Caches are hidden in cities, towns, bushlands, coasts or anywhere else that geocachers might think to hide them. While a person’s imagination is the only real limit to where and how they hide a cache, there are some common techniques that are used because they are tried and tested. Hiding caches in stumps, under logs or in hollow trunks is common. Caches hidden like this are often painted green or black to make them more difficult to spot (the cache in the photo above is an orange Gatorade container painted black and hidden in a tree stump). Other common hiding places are caches that have been magnetically stuck to metal guard rails on roads or metal road signs. But as I said, there’s no real limit. Over time you will become more confident in identifying likely hiding places.

GPS mounted on my motorbike

To find a geocache you set up a free (or premium if you prefer) account on the official¬†Geocaching website. Use the website to find the location of a geocache you are interested in finding and load the coordinates into your GPS. Then get outdoors with your GPS and find the cache. You can get GPS devices that are specifically designed for geocaching but really any GPS that has sufficient accuracy will do. I have a Garmin Edge 800 that I won in a lucky door prize. It’s a cycling computer with built-in GPS. Most days it’s accurate to within <1m of the GZ (the location of the cache) and the worst I’ve experienced it was within <3m of the GZ under a thick canopy of trees in a deep gully. My personal navigation skills goal is to be able to find at least one geocache with a map and compass but for now I’m enjoying the practice using my GPS. My GPS has 1:25,000 topographic maps loaded in it so I can use them to navigate to caches that are hidden hundreds of metres or kilometres from roads / tracks without having to walk in a straight line – I can use ridges, spurs and gullies to avoid difficult terrain.

My geocaching kit

Once you find a cache you can either swap a small item for one in the cache or you can just sign the log book to say you visited. Make sure you return the cache to it’s hiding place too. You don’t need much to successfully geocache. I like to take my hydro pack because I get a bit carried away and often end up out for hours (or a whole day) at a time, walking between 1km and 15km in a day. I also bring a hat or beanie (depending on the weather) and snacks. My most important geocaching tools, however, seem to be my motorbike gear. When I have to walk more than 500m I tend to wear joggers or hiking shoes but for shorter walks to caches my motorbike boots are great because they save me having to worry about snakes and other nasties in long grass. My motorbike boots are leather with hard plastic shin, ankle and achilles protectors. I often wear my motorbike gloves too when I have to feel around in long grass or tree stumps, both because they protect my hands from nasties but also from prickles or gross surfaces. My motorbike gloves are full leather with kevlar reinforcements. For really nasty caches that involve searching through thorns or prickles I often leave my motorbike jacket on to protect my arms.

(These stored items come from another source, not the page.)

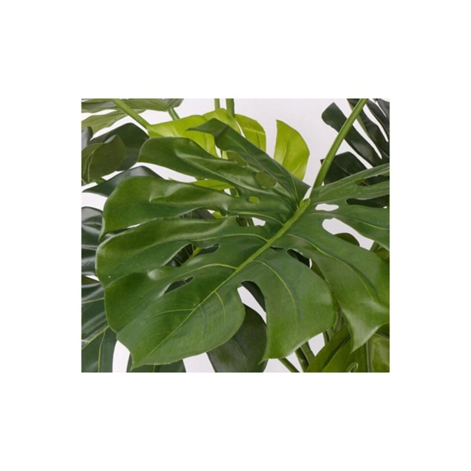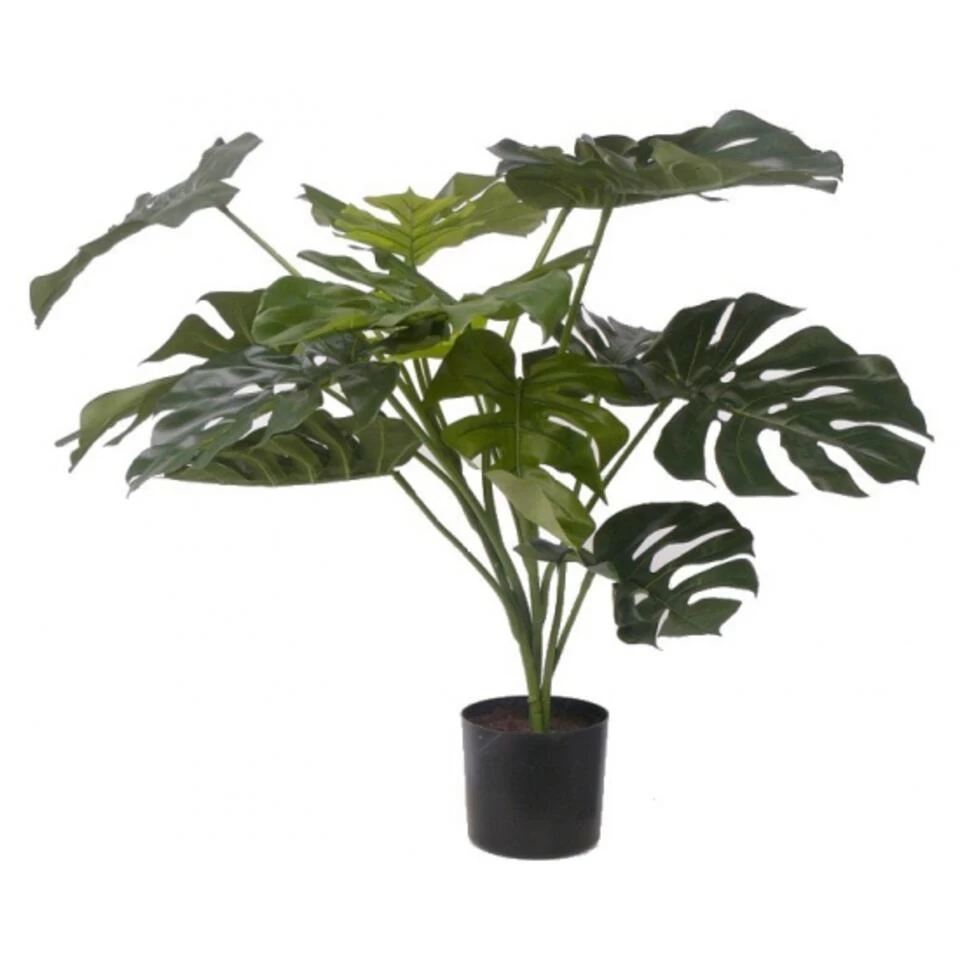 Groene Monstera kunstplant 85 cm voor binnen. Zeer realistisch uitziende, onderhoudsvrije/onderhoudsarme Monstera kunstplant met 15 polyester bladeren. Materiaal: kunststof/plastic. Formaat plant: 85 cm lang. Inclusief pot: ja. Nepplanten/kunstplanten woondecoraties voor in huis.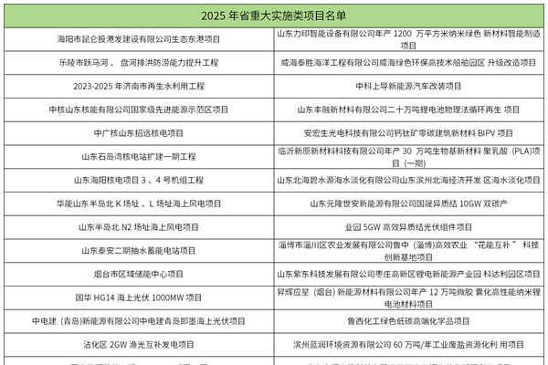 2025年1月10日,山东省人民政府发布《关于下达2025年省重大项目名单的通知》。 重大实施类项目562个,重大准备类项目38个,合计600个项目。其中,涉及节能环保的包括2023-2025 年济南市再生水利用工程,烟台市区域储能中心项目,沾化区 2GW 渔光互补发电项目,三一重能五莲县 45 万千瓦风电项目,博山氢能产业园项目,...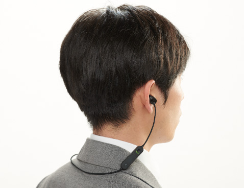 イヤホンケーブル一体型ネックバンド設計により、使いやすくスマートなデザインに。コードは絡みづらく丈夫な素材です。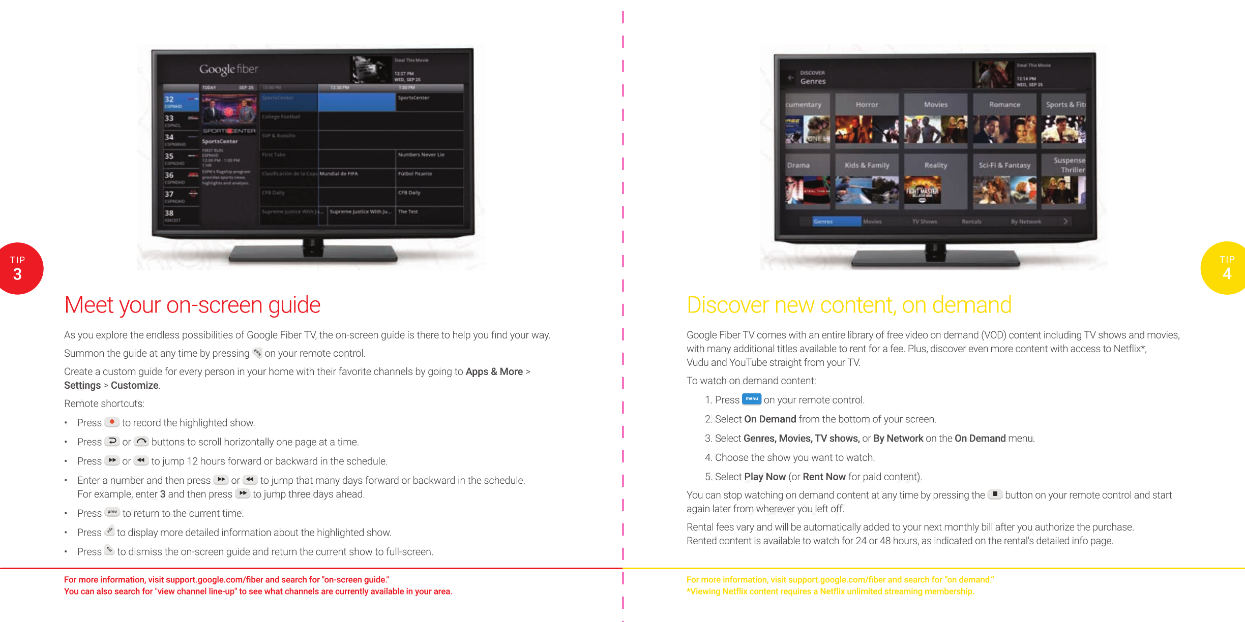 For more information, visit support.google.com/fi ber and search for “on demand.”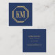 Modern elegant gold on navy business card with your monogram on the front in an upscale typography layout. Easily personalise with your information for a professional chic design.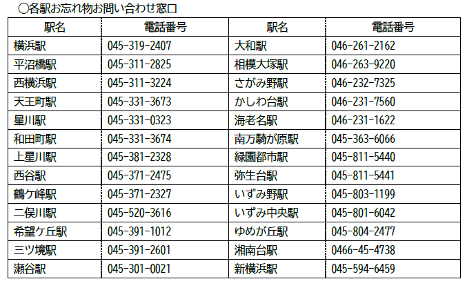 ■忘れ物に関するお問い合わせ先【相模鉄道・相鉄バス】

I’m only a geocaching novice. I found four caches in September 2010 but then lost that GPS on a motorobike ride. Then I got my Garmin Edge 800 GPS in August 2011. I went geocaching a lot in the first two weeks that I had the GPS but I got really caught up in triathlon training so didn’t have time to practice my geocaching. I’ve now found 25 caches in the past 3 days. I can see the purpose of geocaching in my fitness and outdoor training so I hope to break the 100 cache mark by the end of May.